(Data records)
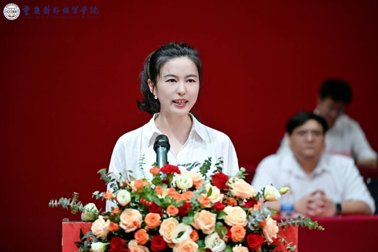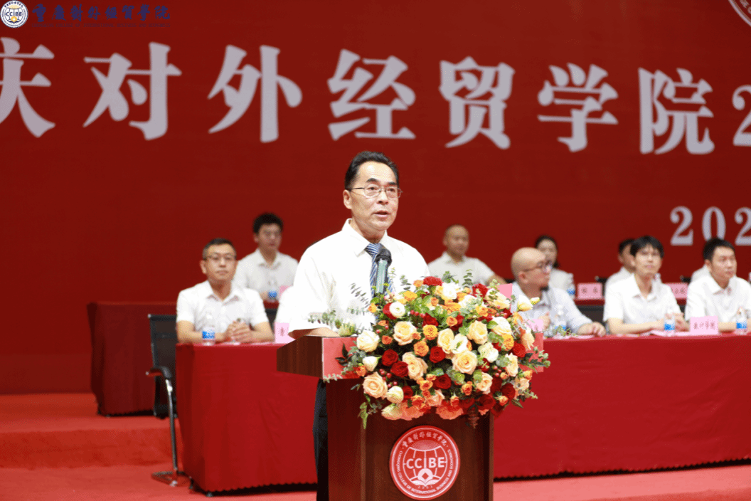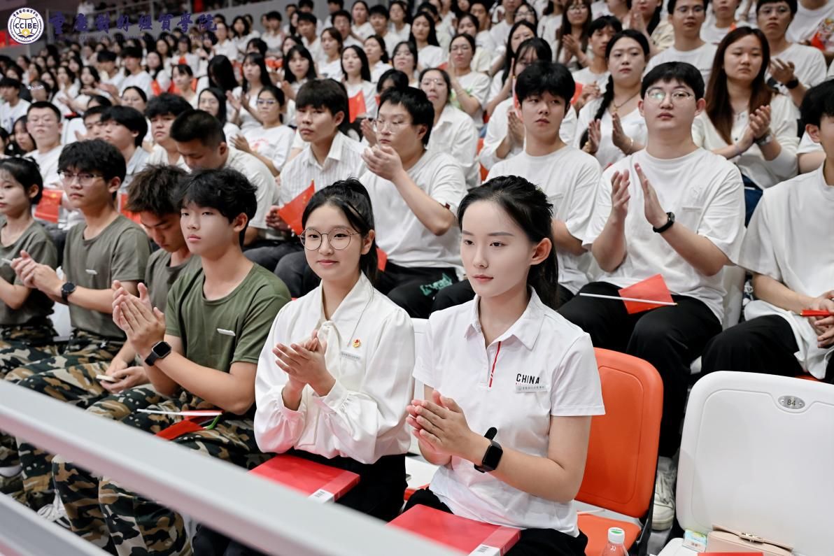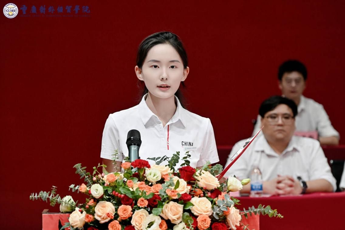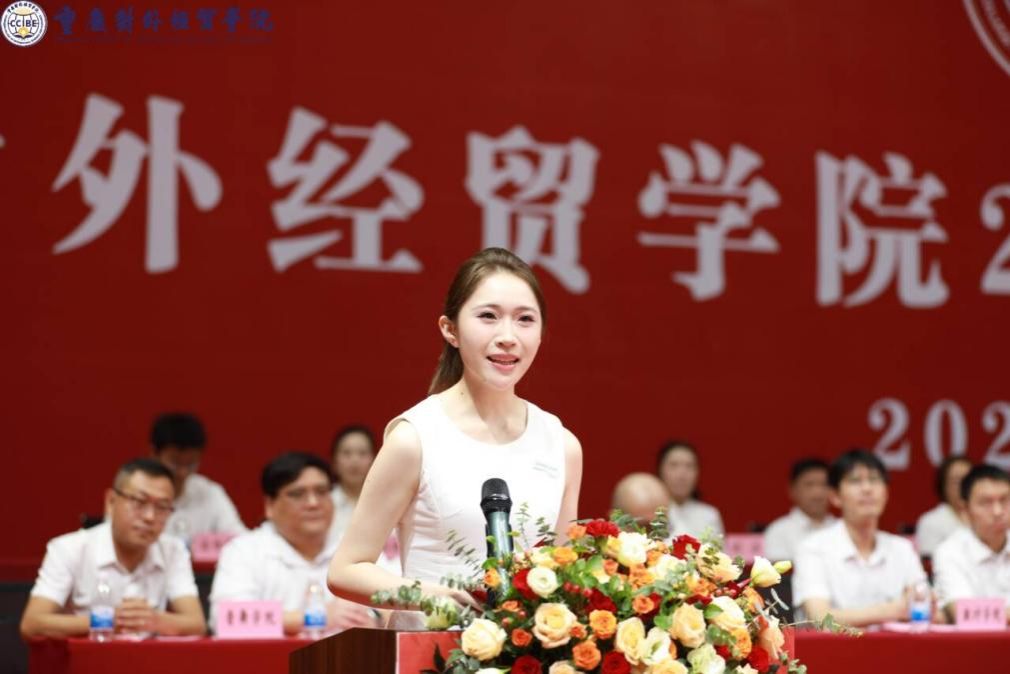 音乐舞蹈学院2023级学生莫洋博代表高年级学生发言,希望同学们在实践中提升综合能力,传承贸院优良学风。
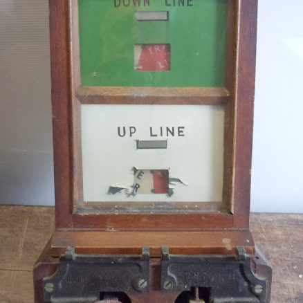 GWR mahogany cased Double Line Spagnoletti Block Instrument, complete with both keys, flaps & slides & rear relay box. V.g.c.
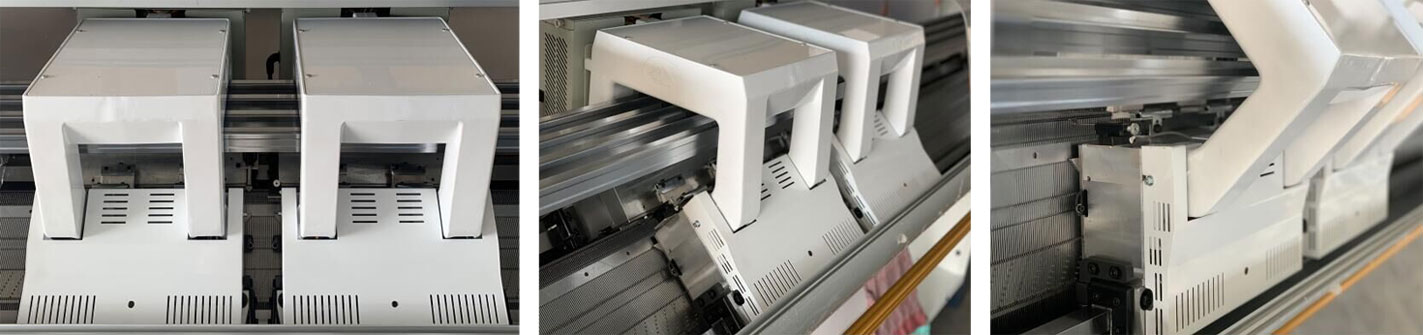 Feidhm cniotála: Tá feidhmeanna éagsúla cniotála aige, mar shampla corna snáthaid aistrithe cniotála, tuck, corna snáthaide glactha, poill phiocadh, corna snáthaidí ar leithligh, jacquard intarsia, agus mar sin de, is féidir a chinntiú go n-oireann an meaisín do gach cineál patrúin.
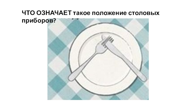 Слайд 32ЧТО ОЗНАЧАЕТ такое положение столовых приборов?
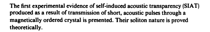 The first experimental evidence of self-induced acoustic transparency (SI AT) produced as a result of transmission of short, acoustic pulses through a magnetically ordered crystal is presented. Their soliton nature is proved theoretically.
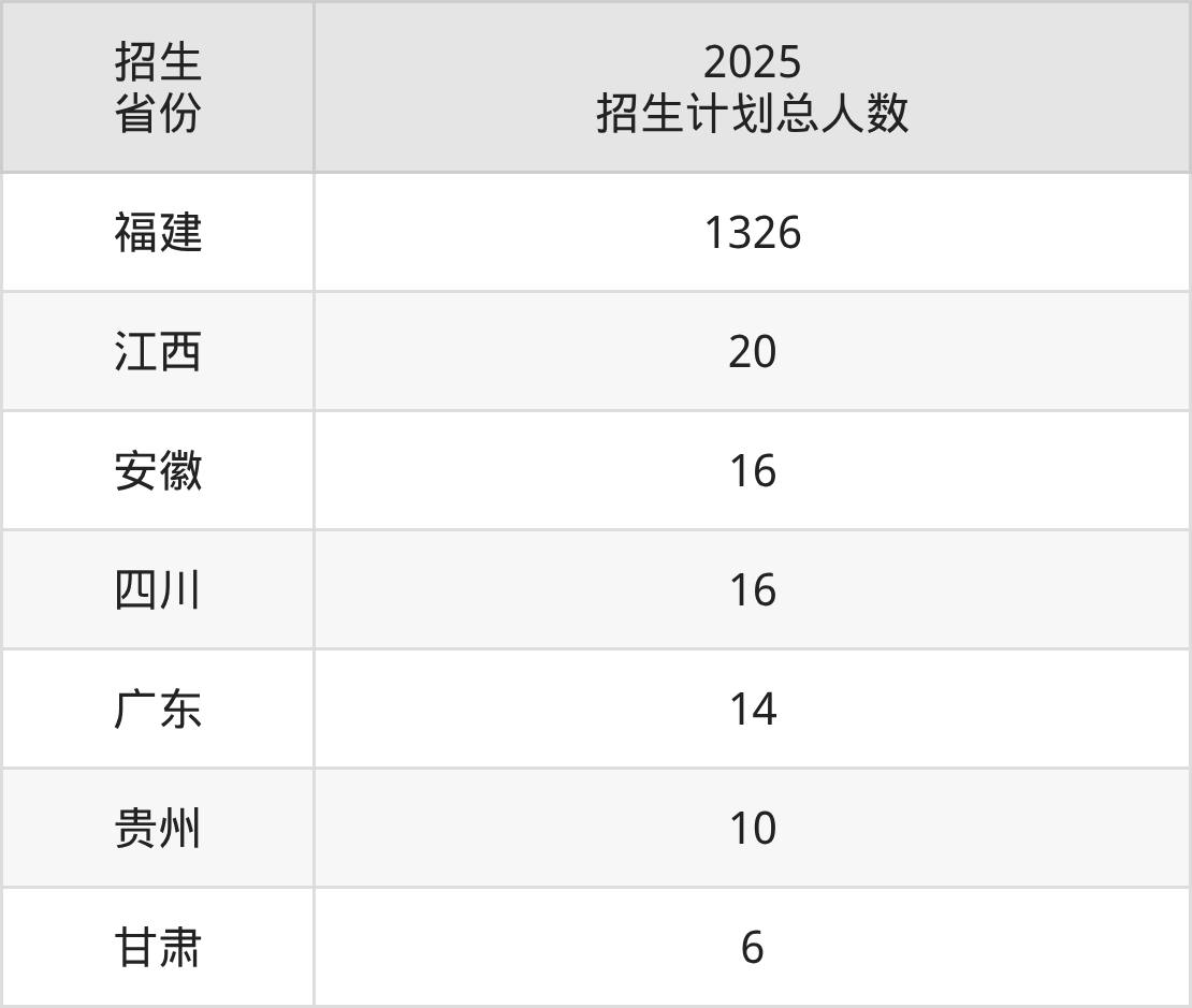 2025年福州英华职业学院面向全国7个省市开展专科招生;招生专业共30个,招生人数共1408人。2025年在福建省招生计划总人数是1326人,其中,福州英华职业学院在福建省招生人数最多的是建筑室内设计。福州英华职业学院在各省具体招生人数情况如下表。

Assigned task —
Nothing outside the stretch above, from the line with "Feidhm cniotála: Tá" through the line with "Слайд 32ЧТО ОЗНАЧАЕТ", is set down. Transcribe that stretch exactly, ends included, but not its pictures.

Response area —
 Feidhm cniotála: Tá feidhmeanna éagsúla cniotála aige, mar shampla corna snáthaid aistrithe cniotála, tuck, corna snáthaide glactha, poill phiocadh, corna snáthaidí ar leithligh, jacquard intarsia, agus mar sin de, is féidir a chinntiú go n-oireann an meaisín do gach cineál patrúin.
 Слайд 32ЧТО ОЗНАЧАЕТ такое положение столовых приборов?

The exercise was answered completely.